= Two-minute warning =

Special timing rules in American football

The two-minute warning is a suspension of play in an American football game that occurs when two minutes remain on the game clock in each half of a game, i.e., near the end of the second and fourth quarters, and overtime. Its effect on play is similar to that of a timeout: the game clock stops and the teams gather to discuss strategy. The suspension of play is two minutes long, the same as the short two-minute intermissions between quarters within each half. The rule is used in levels of professional football and is referred to as the two-minute timeout in the NCAA since 2024 and high school football in Texas since 2025.

The two-minute warning is called when the clock reaches exactly 2:00 if the ball is dead at that time. If the ball is in play when the clock reaches 2:00, the play is allowed to come to its normal end and the two-minute warning is called when the play ends. Therefore, it is not uncommon for the two-minute warning to be called with less than two minutes on the clock, for example 1:55. Regardless of when it is invoked, the clock is always stopped for the two-minute warning even if the situation would otherwise call for the clock to run. Furthermore, in dead ball situations, regardless of how much time remains on the play clock when the two minute warning comes into effect, that clock is always reset in the same manner it normally would be after a clock-stopping play. The game clock starts again when the ball is snapped for the following play.
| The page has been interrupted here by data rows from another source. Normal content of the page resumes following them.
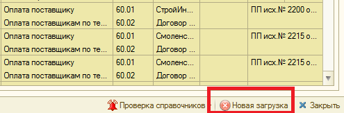 Чтобы изменить организацию, банковский счет, дату выписки, файл выписки, следует нажать кнопку "Новая загрузка" :
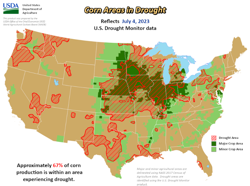 Figura 2a. Condição de seca nas lavouras de milho, nos Estados Unidos, até 4 de julho
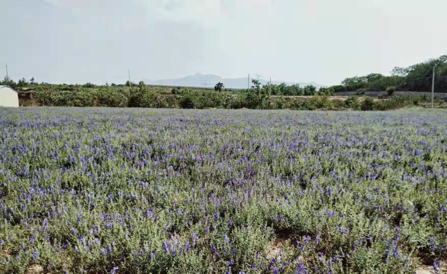 ▲7月21日,稷山县太阳乡下王尹村,一大片黄芩正在怒放,紫色的花海成为动人的风景。
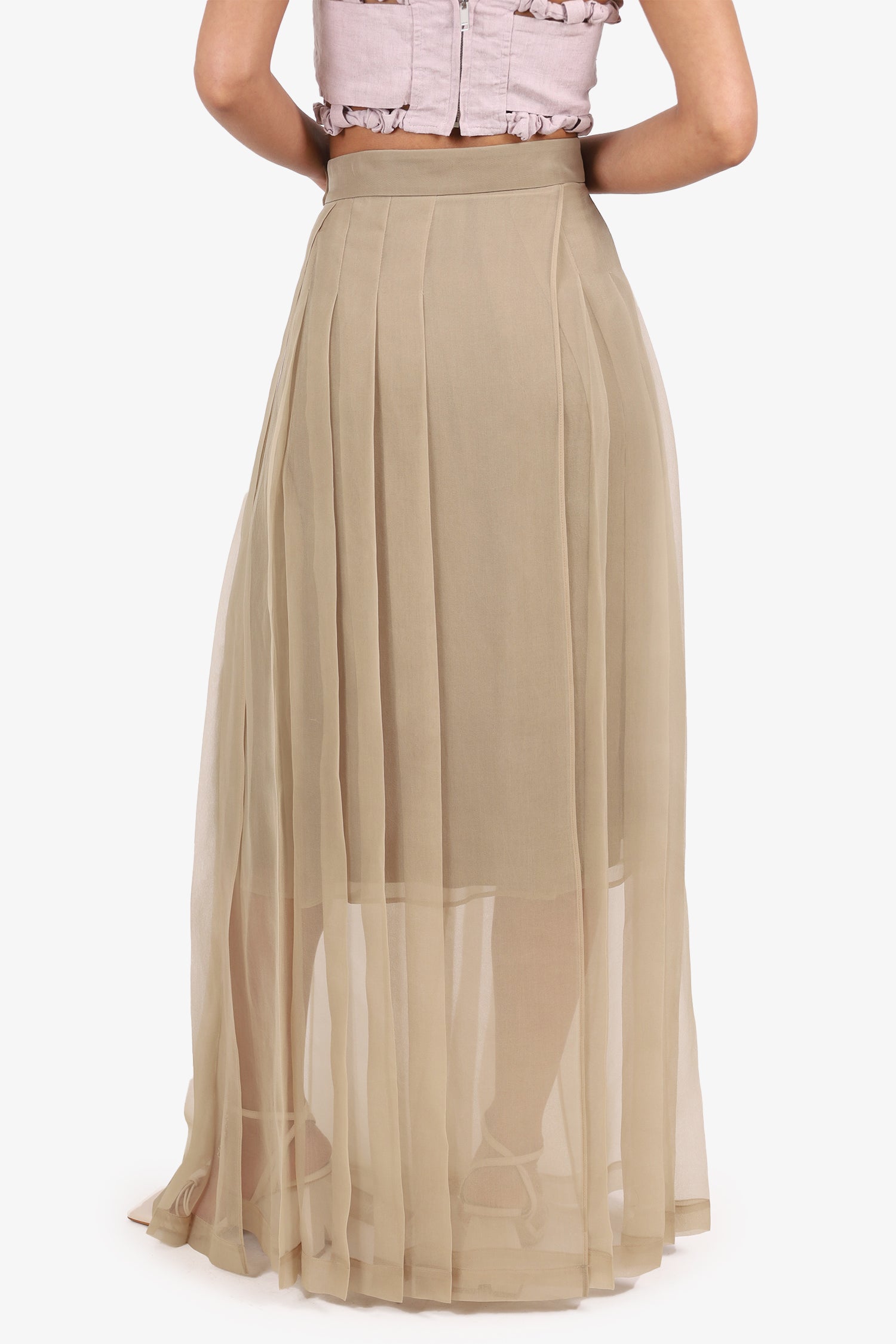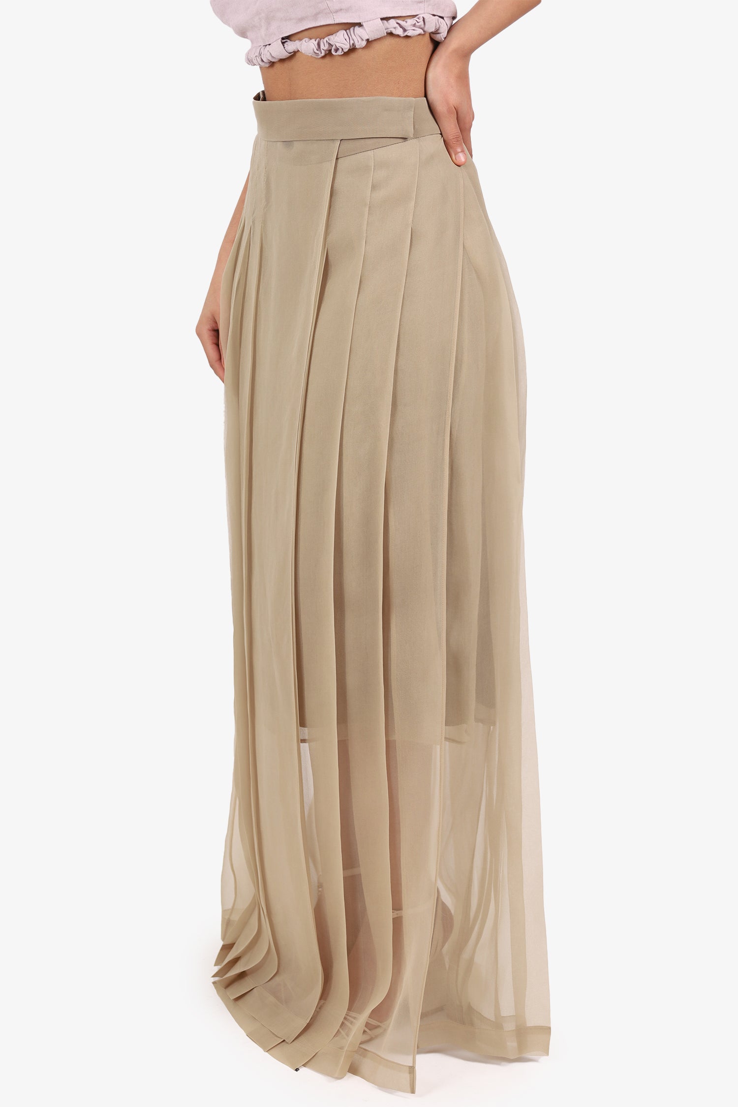 Brunello Cucinelli Beige Silk Sheered Pleated Maxi Skirt Size 4
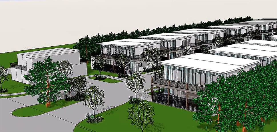 Cotton Groves’ homes will be made from repurposed shipping containers.
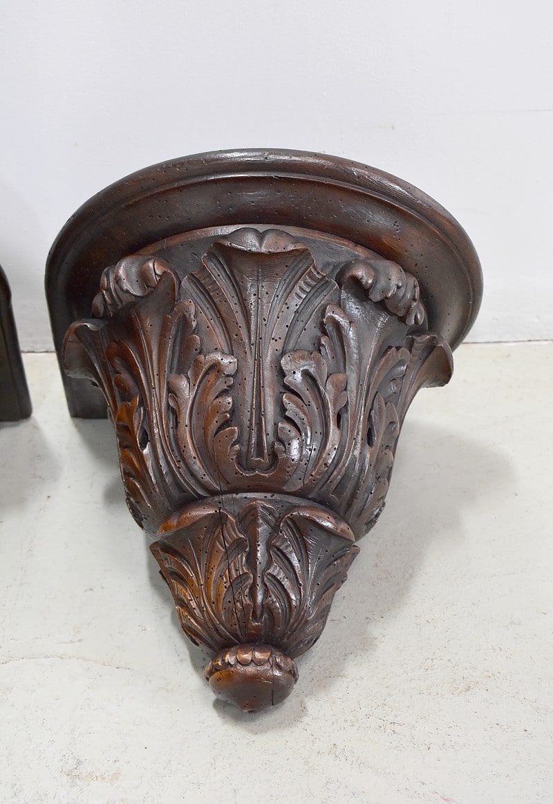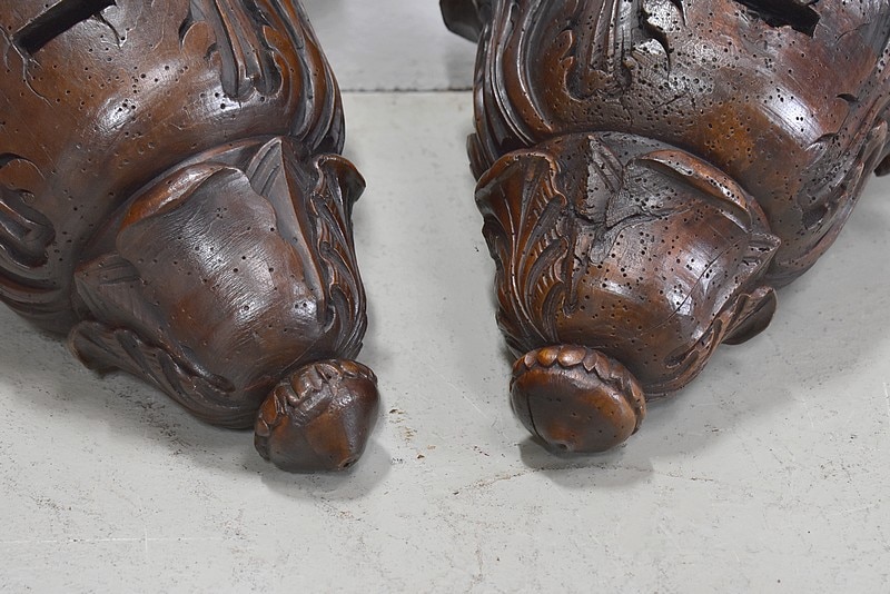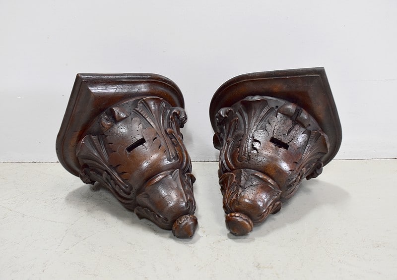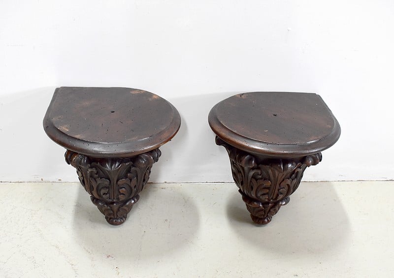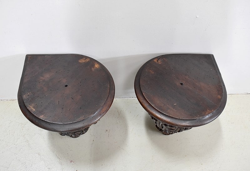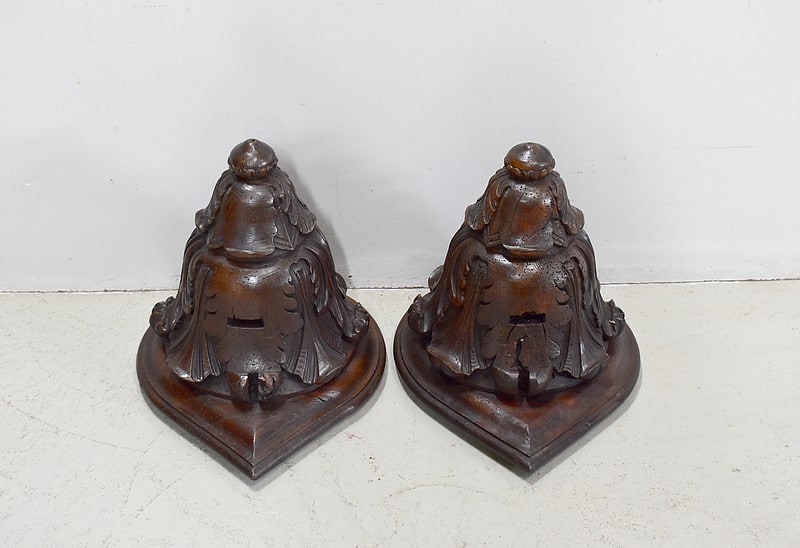Paire de sellettes d’angles dans le goût Renaissance en Noyer sculpté.
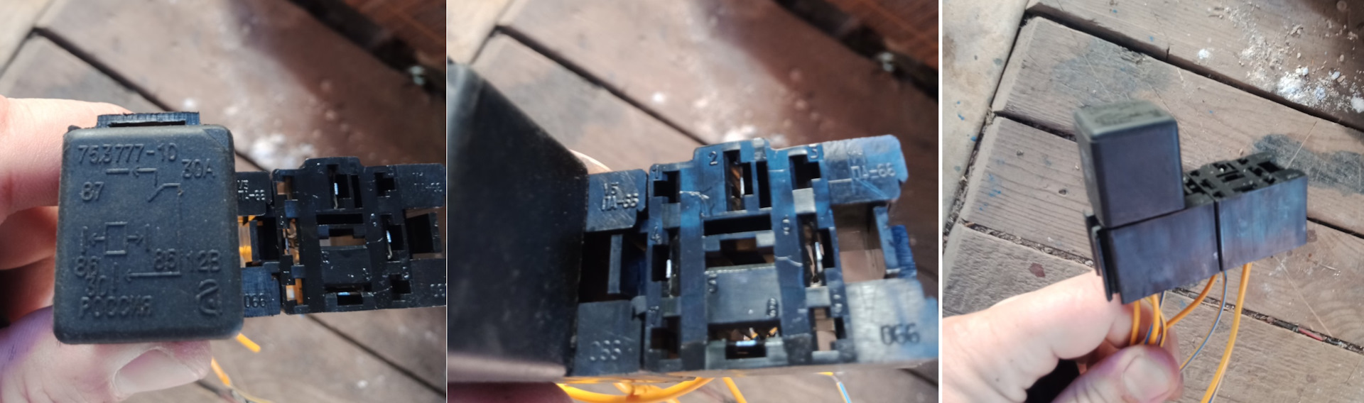 — реле замыкающее (проходное) — 2 шт — 75377710 (по 62 руб) (одно отработало всего неделю, точнее 4-5 включений, об этом ближе к концу пьесы) (или 90374710, или 98.377710, или 75.3777.000-10, или на крайняк 21100374721021, или реле стартера 71.3747 (там с запасом на 50А)) (или для фанатов — 8200351489, колодку сами ищите)
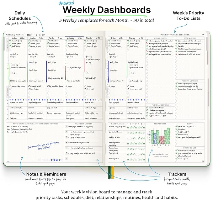 - Smash Your Goals & Prioritize Wellness: 5 Roles & Goals templates for purposeful goal setting. Reading, Bucket lists, & Self Care journal. AM/PM Routines, habit, nutrition, fitness, and health trackers included. Perfect planners 2024-2025 for women and men.
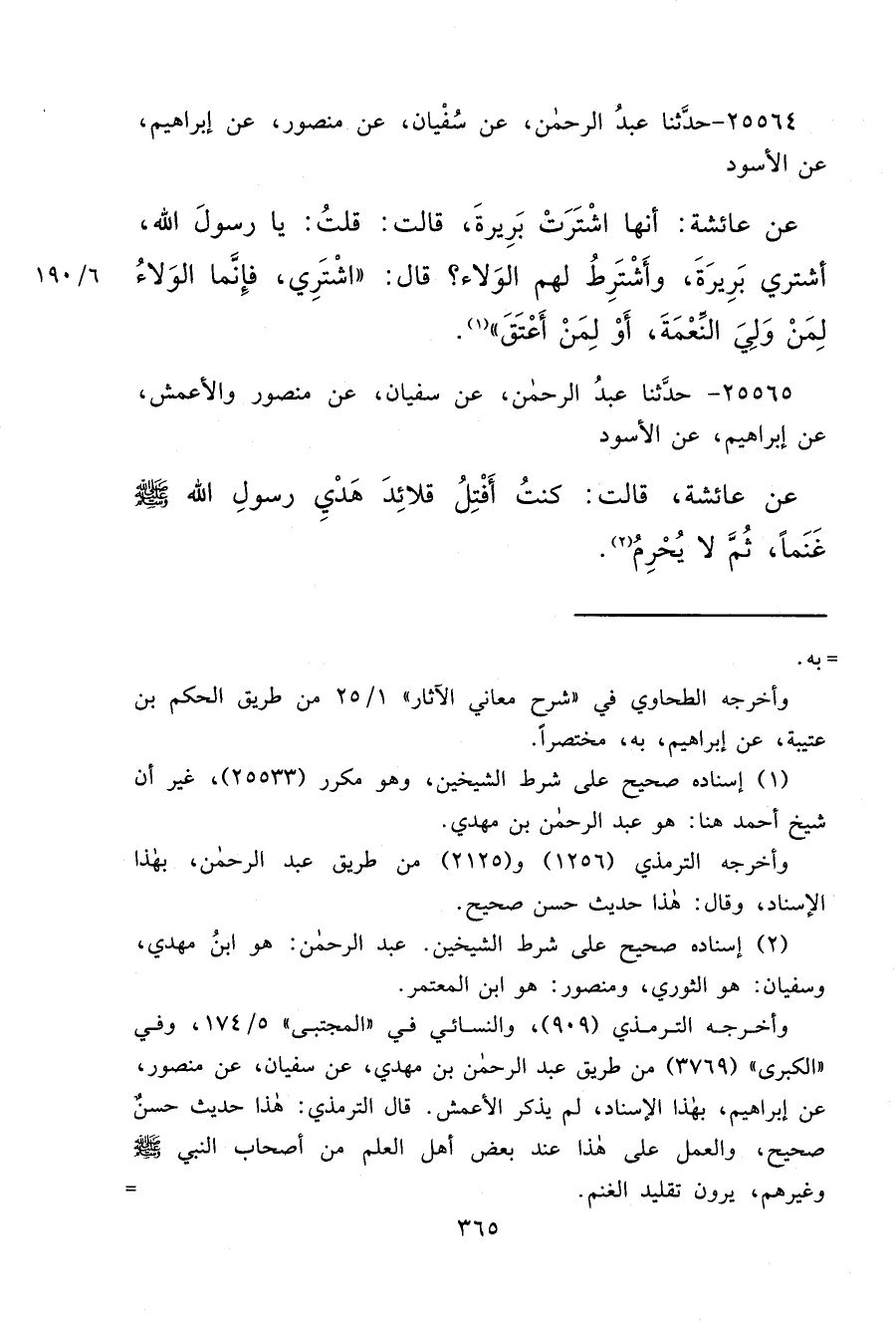 ٢٥٥٦٤ - حَدَّثَنَا عَبْدُ الرَّحْمَنِ، عَنْ سُفْيَانَ، عَنْ مَنْصُورٍ، عَنْ إِبْرَاهِيمَ، عَنِ الْأَسْوَدِ، عَنْ عَائِشَةَ، أَنَّهَا اشْتَرَتْ بَرِيرَةَ قَالَتْ قُلْتُ: يَا رَسُولَ اللهِ أَشْتَرِي بَرِيرَةَ وَأَشْتَرِطُ لَهُمُ الْوَلَاءَ؟ قَالَ: " اشْتَرِي فَإِنَّمَا الْوَلَاءُ لِمَنْ وَلِيَ النِّعْمَةَ، أَوْ لِمَنْ أَعْتَقَ " (١)
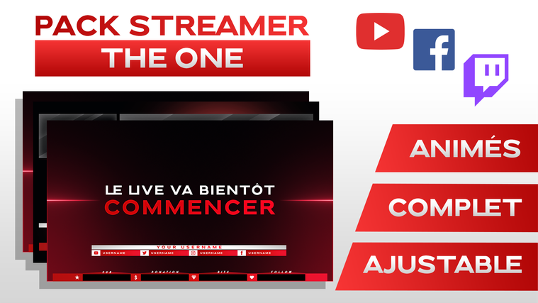 | ✅ 3 Écrans (Animés) : Début de Live + Pause + Fin de Live |
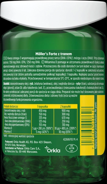 - Möller’s Forte z tranem to skoncentrowane źródło kwasów omega-3 i witaminy D3 zamknięte w miękkich kapsułkach łatwych do połknięcia.
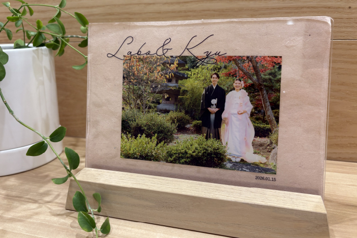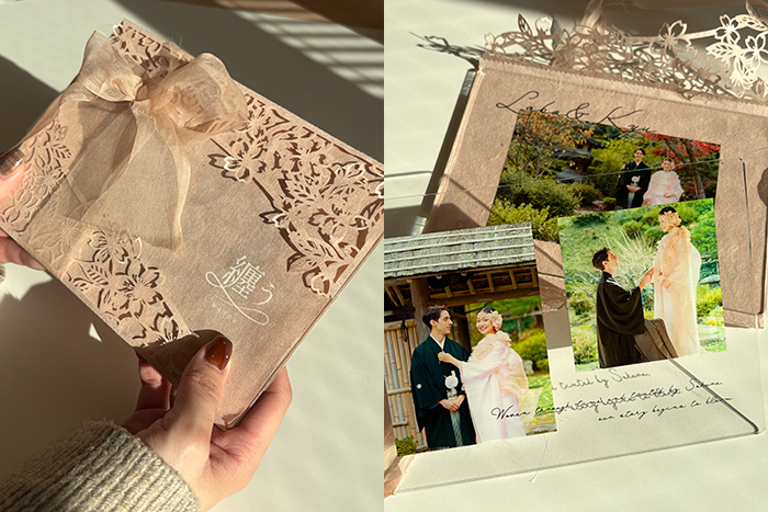 一目千本桜染め衣装を纏って撮影をした思い出に、一目千本桜染めで染めた和紙でパッケージしたフォトアルバムをご用意しました。写真はアクリル板にUV印刷をしてお渡しします。
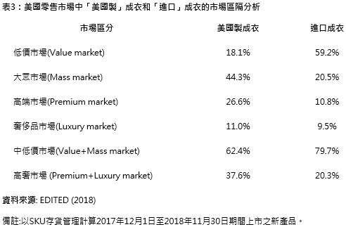 如表3所示,以美國整體成衣零售市場(chǎng)為例,針對(duì)高端成衣或奢侈品成衣市場(chǎng),”美國制”產(chǎn)品的占比接近40%,而進(jìn)口品僅占20%。相反地,”美國制”產(chǎn)品在低價(jià)市場(chǎng)中僅占18%,而進(jìn)口品在該市場(chǎng)約占60%??傮w而言,似乎美國時(shí)尚品牌和零售商有計(jì)劃性將”美國制”成衣定位于價(jià)格敏感度較低的市場(chǎng),以平衡高昂的國內(nèi)生產(chǎn)成本。
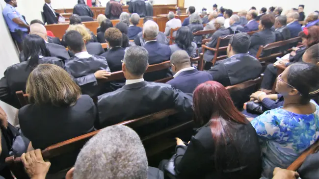 Santo Domingo.– Santo Domingo.- En una segunda audiencia el Tribunal Superior Administrativo dejó este miércoles en “estado de fallo” una acción de amparo de cumplimiento presentada por el Colegio Dominicano de Notarios contra la Procuraduría General de la República, por la supuesta retención ilegal de más de 105 millones de pesos en perjuicio del gremio profesional. La presidenta de la entidad, doctora Laura E. Sánchez Jiménez, estuvo acompañada de notarios, quienes reclamaron la aplicación de la ley para que el colegio garantice los planes de pensiones, ayudas médicas y cuente con los recursos necesarios para la firma digital.
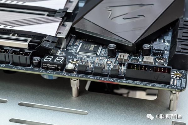 主板下沿的板边有一排机箱内接插座,先看靠近芯片组的一半。从右起分别是机箱控制面板插座、SYS FAN*3、重启按键、DEBUG指示灯、USB 2.0*2。
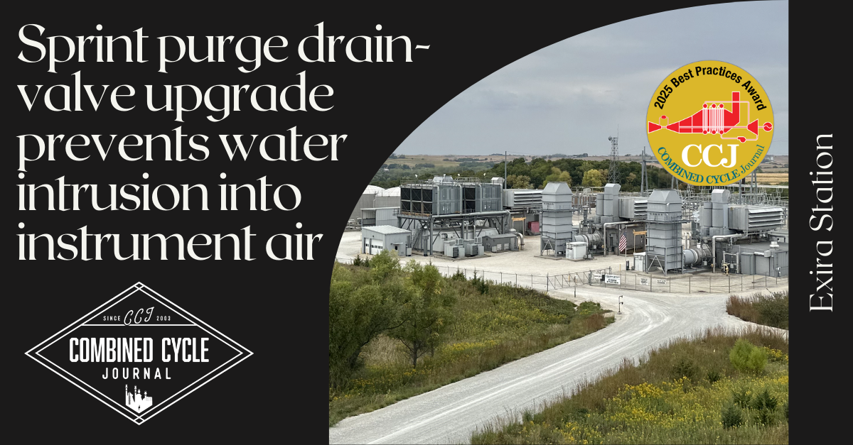 Background. Frequent cycling of the SPRINT system created a pathway for water to migrate into Exira Station’s instrument-air system, affecting multiple turbine and balance-of-plant functions. Because the instrument-air header supports critical purge and actuation needs across the plant, moisture carryover became a reliability issue, especially during cold Midwest winters. The station eliminated the problem by adding opposed solenoid drain valves to the SPRINT purge lines, a hardware-only change that required no control system modifications.

Its name reflects its origins as a point in the game where the officials would inform the teams that the half was nearly over, as the official game clock was not displayed in the stadium at the time the two-minute warning was created. With the official game clock being displayed prominently on stadium scoreboards in modern times, the original purpose of the two-minute warning is no longer necessary, but it has nevertheless evolved into an important reference point in a game. A number of rules change at the two-minute warning, including several relating to the game clock. Therefore, the two-minute warning is often an important factor in a team's clock management strategy. An additional rationale for retaining the two minute warning is related to the value of television airtime at that point in the game. Television networks invariably run commercials as soon the two minute warning is called, with those slots being among the most lucrative of any in a major football telecast.

There is an additional two-minute warning in the rare event only two minutes remain in an overtime period, which lasts a maximum of ten minutes in the regular season (prior to , the extra period ran fifteen minutes). However, in the postseason, where games continue indefinitely until there is a score, the usual timing rules for a half apply in overtime. Thus, there is no two-minute warning in the first overtime, but if in the second overtime, and any subsequent even overtime period, a game were to be still tied with two minutes remaining, there would be a two-minute warning.

==History==
The origins are from the early years of the National Football League (NFL), when the official game time was kept by a member of the officiating crew, with the stadium clock being unofficial: its purpose was a checkpoint to ensure that the teams knew how much time remained in the game.

In the early 1960s, the upstart American Football League (AFL) made the stadium clock the official game time, a change followed later in the decade by the NFL shortly before its merger with the AFL. By that time, television was an important factor in professional football, so the two-minute warning was retained as a commercial break and to serve as "tension building" time, and thus has become an important part of the game's flow.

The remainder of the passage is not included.